Judge Jeffrey Sutton, writing for the 2-1 majority of the court, wrote the opinion upholding the constitutionality of Kentucky, Michigan, Ohio, and Tennessee’s bans — reversing trial court decisions striking down each ban, or the ban on recognition of same-sex couples’ marriages granted elsewhere, below.
“When the courts do not let the people resolve new social issues like this one, they perpetuate the idea that the heroes in these change events are judges and lawyers,” he wrote. “Better in this instance, we think, to allow change through the customary political processes, in which the people, gay and straight alike, become the heroes of their own stories by meeting each other not as adversaries in a court system but as fellow citizens seeking to resolve a new social issue in a fair-minded way.”
Specifically, Sutton wrote that the 6th Circuit — and all “inferior” courts — are still bound by the 1972 decision of the Supreme Court in Baker v.

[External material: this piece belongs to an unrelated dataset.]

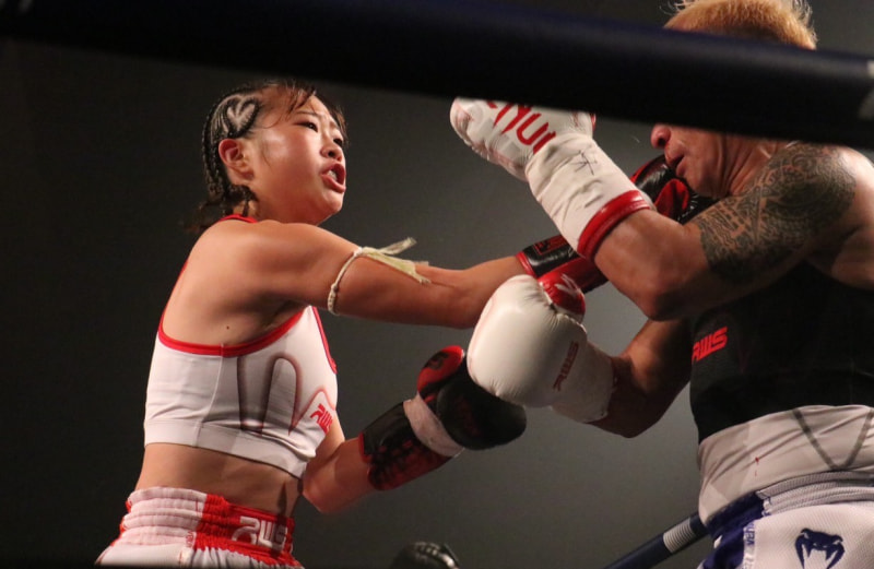 パンチ連打する藤原(左)、MIREY(右)は鼻血を出す

Nelson, in which the court dismissed a same-sex couple’s marriage claim “for want of a substantial federal question.” Many other courts, including several other appeals courts, have held that Baker is no longer good law in light of the Supreme Court’s development of pro-LGBT decisions since then.
Even outside of that, however, of the constitutional claims brought by same-sex couples — including “originalism; rational basis review; animus; fundamental rights; suspect classifications; evolving meaning” — Sutton concluded, “Not one of the plaintiffs’ theories, however, makes the case for constitutionalizing the definition of marriage and for removing the issue from the place it has been since the founding: in the hands of state voters.”

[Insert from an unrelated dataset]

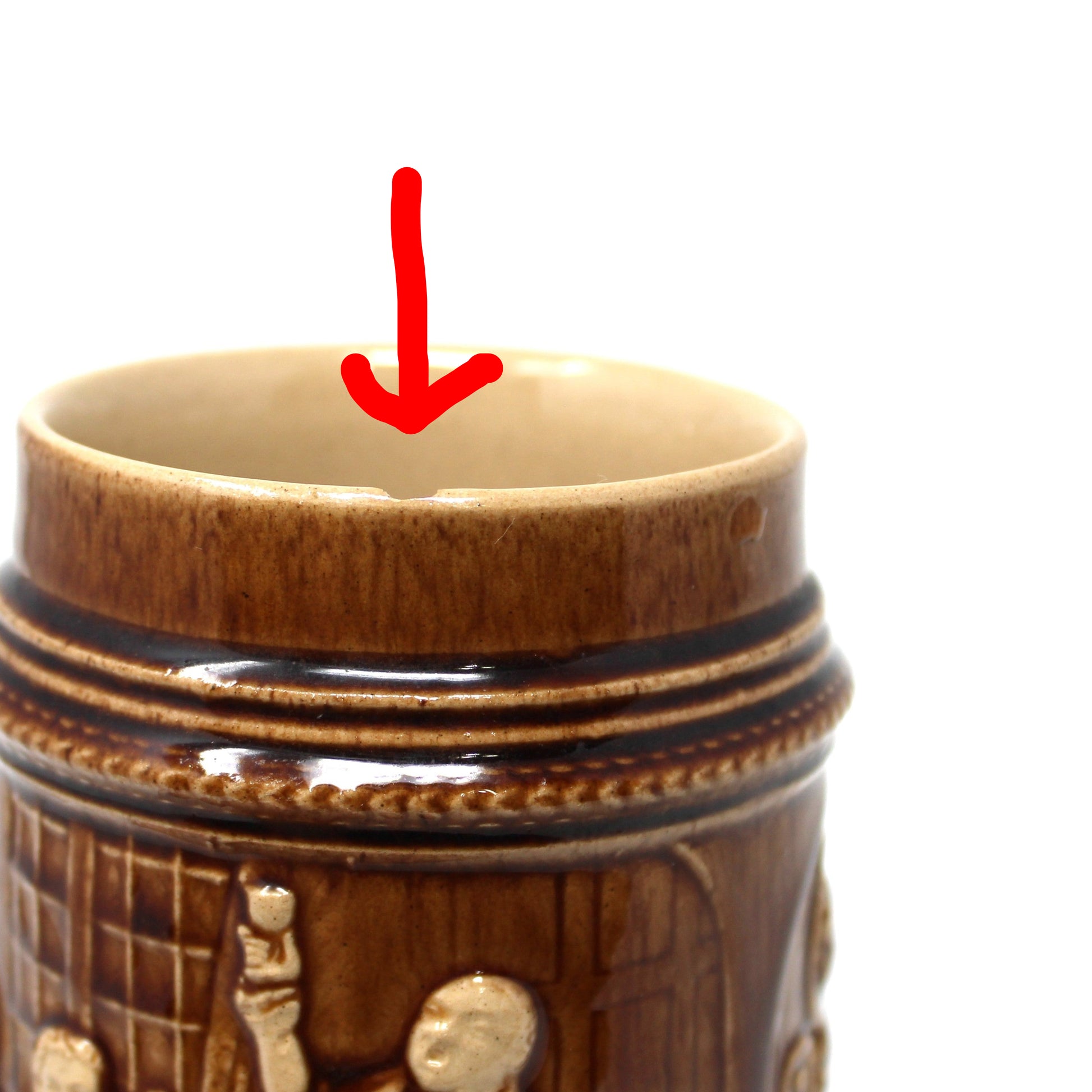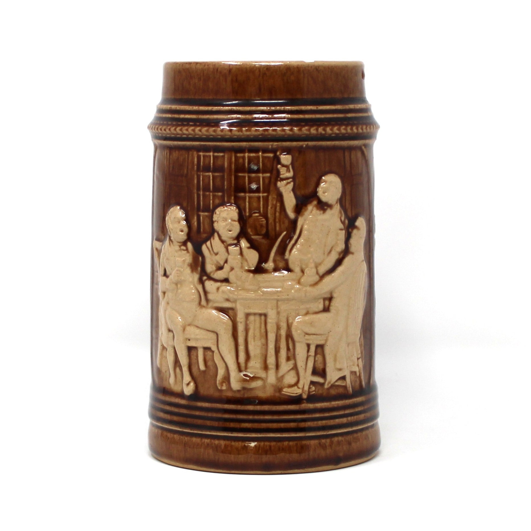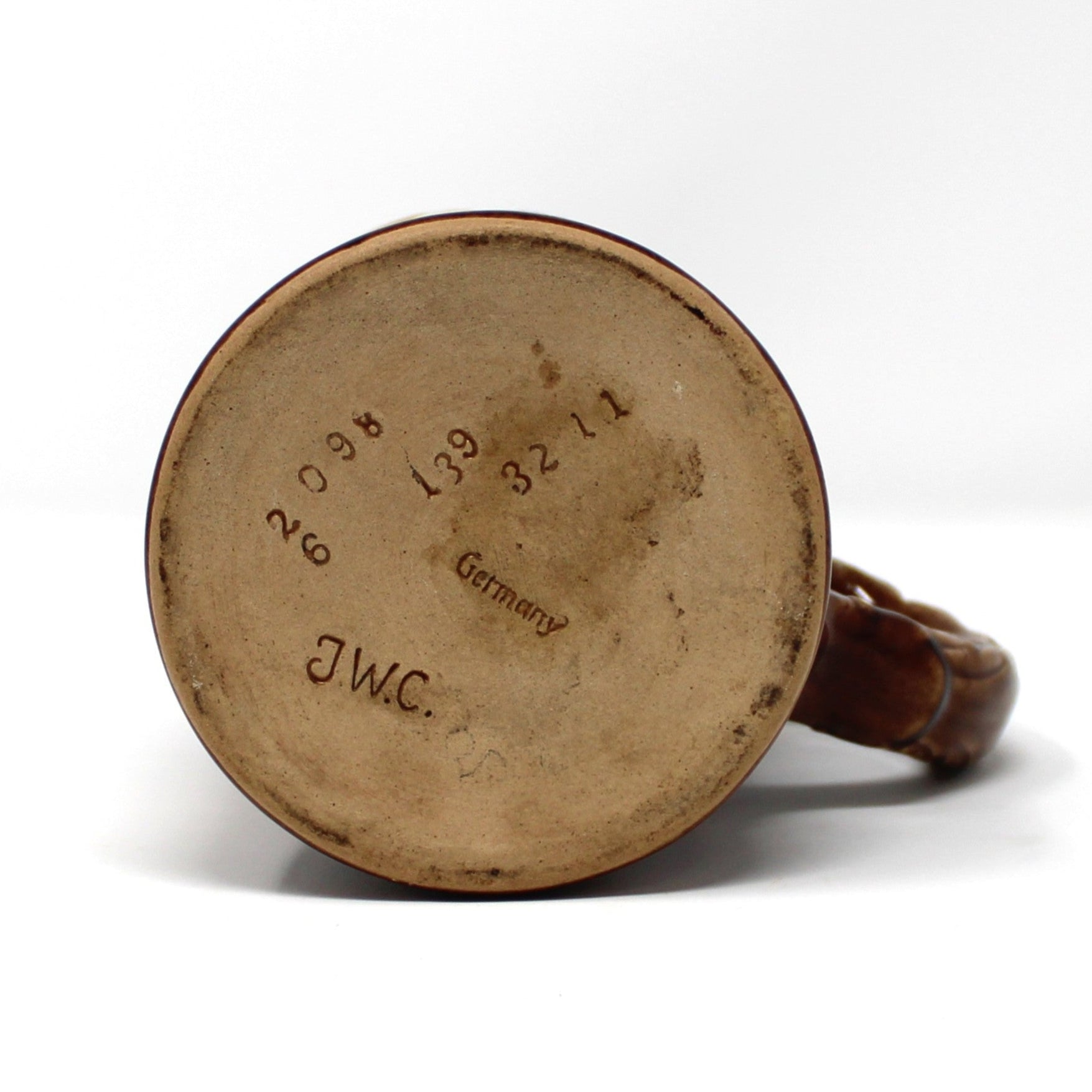 - Details: This vintage beer mug features a Colonia German Pub Scene in a brown and beige glaze. It has several impressed marks, looks to be from a pottery studio: "JWC, Germany, 2098 26 I39 32 11". There is a condition issues, see below for details. Fun mug for Fall and bar displays. Perfect size to store bar spoons and other tools. This is a heavy mug, please keep that in mind at check-out.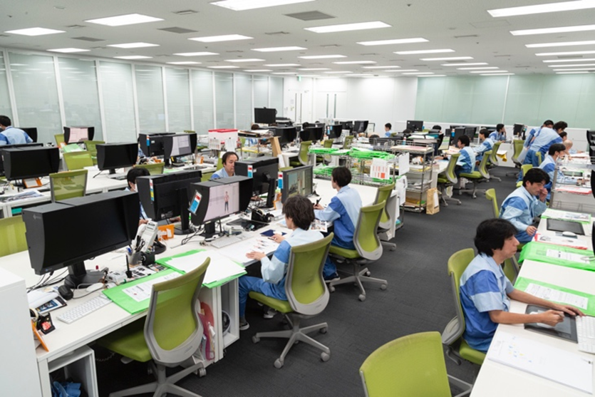 第三回目の対象物は「大判設計図」をデジタル化する現場に潜入。大きいサイズに対応するだけで無く、図面や文字を鮮明にするための工夫もしています。 |

Judge Deborah Cook joined Sutton’s opinion, while Judge Martha Craig Daughtrey dissented from the decision.
In addressing the majority’s opinion, Daughtrey examined the four other appellate opinions — from the 4th, 7th, 9th, and 10th circuits — before concluding, “[I]t would seem unnecessary for this court to do more than cite those cases in affirming the district courts’ decisions in the six cases now before us.”

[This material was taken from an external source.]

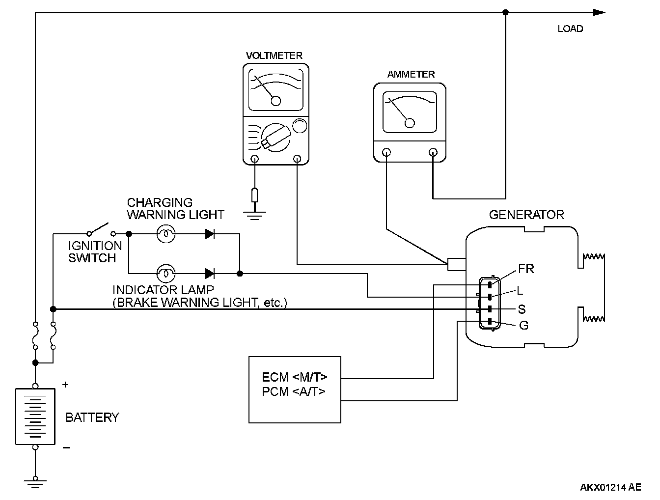 NOTE: If the electrical load is small while testing, the specified level of current may not be output even though the generator is normal. In such cases, increase the electrical load by leaving the headlights turned on for some time to discharge the battery or by using the lighting system in another vehicle, and then test again.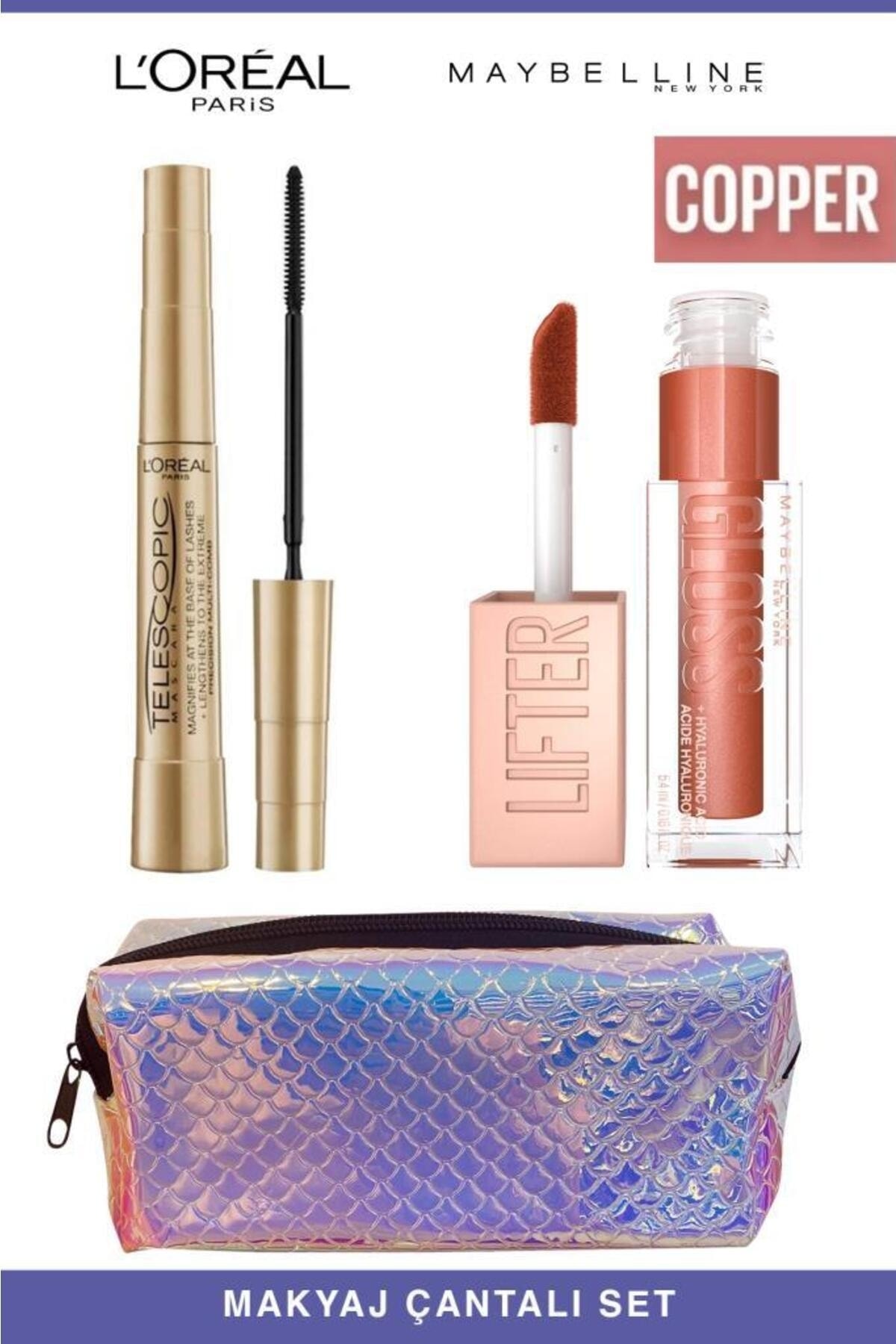 L'Oreal Paris Loreal Telescopic Instant Long Lashes-Maybelline Shiny and Full Lips 017 Copper Makeup Set

She then added: “Because the correct result is so obvious, one is tempted to speculate that the majority has purposefully taken the contrary position to create the circuit split regarding the legality of same- sex marriage that could prompt a grant of certiorari by the Supreme Court and an end to the uncertainty of status and the interstate chaos that the current discrepancy in state laws threatens.”
In responding to the entire premise of Sutton’s ruling in her conclusion, Daughtrey wrote, “If we in the judiciary do not have the authority, and indeed the responsibility, to right fundamental wrongs left excused by a majority of the electorate, our whole intricate, constitutional system of checks and balances, as well as the oaths to which we swore, prove to be nothing but shams.”
In the coming days, any of the plaintiffs could ask the Supreme Court to review the decision, which — if the justice take the appeal — could set up a Supreme Court hearing on the issue this coming March and a decision expected by the end of June.
In September, in fact, Justice Ruth Bader Ginsburg discussed this possibility, noting that “some urgency” would be added to the issue if the 6th Circuit issued a ruling that differed with the others.